2. Relevant equations

Inside a wire, ##B=\frac{\mu_0 i}{i R^2}r##.

Outside a wire, ##B=\frac{\mu_0i}{2\pi r}## where R is the radius of the wire and r is the distance from the center of the wire.

3. The attempt at a solution

##\Phi_1=2\int _{0}^{R} \frac{\mu_0 i x}{2\pi R^2} dx=\frac{\mu_0 i}{2\pi}##

where x is the vertical distance downward from the center of the wire.

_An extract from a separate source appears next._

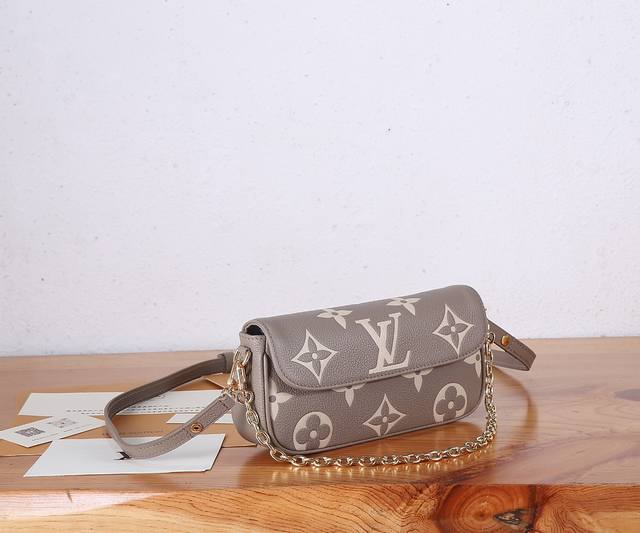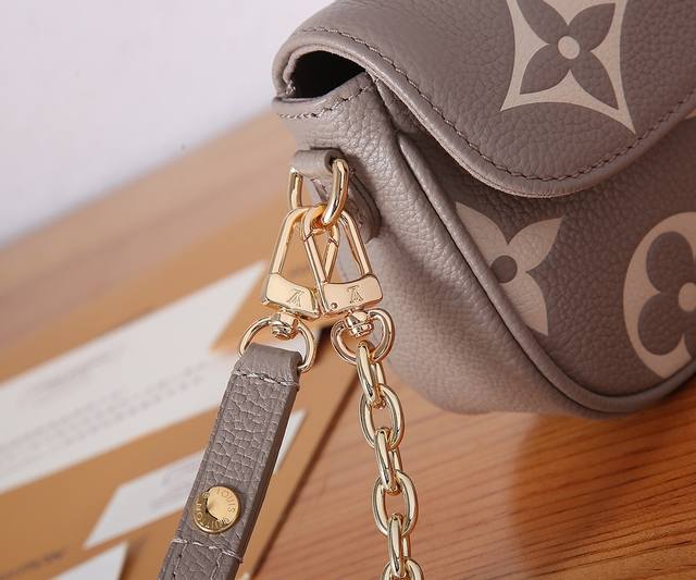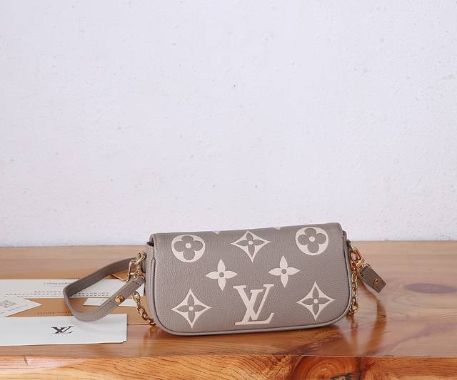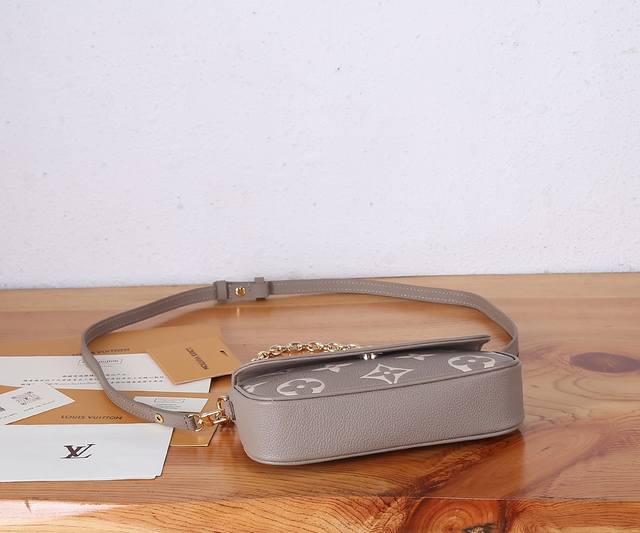 P 顶级原单、加强版本款 Wallet On Chain Ivy 手袋为 Monogram Empreinte 粒面皮革压印大号 Monogram 图案,塑造柔软舒适的贴身构型。磁扣翻盖开启充裕空间,轻松收纳日常所需。宛如珠宝的链条和可调节皮革肩带均可拆卸,实现多种背携方式,出席昼夜场合皆宜。

##\Phi_2=2\int_{R}^{s}\frac{mu_0 i}{2\pi r} dr=\frac{\mu_0 i}{2\pi} ln(\frac{s}{R})##

where r is the vertical distance downward from the center of the wire and s is the separation.

##\Phi=\Phi_1+\Phi_2=13.09\mu W/m##

##Frac=\frac{\Phi_1}{\Phi_1+\Phi_2}=15.3 \:percent##

For the flux, I agree with the textbook (Halliday, Resnick & Walker Fundamentals of Physics 5th edition, chapter 31, problem 23). But I disagree for the fraction of flux inside the wire. They get 17%. Can anyone verify my answer or point out where I went wrong?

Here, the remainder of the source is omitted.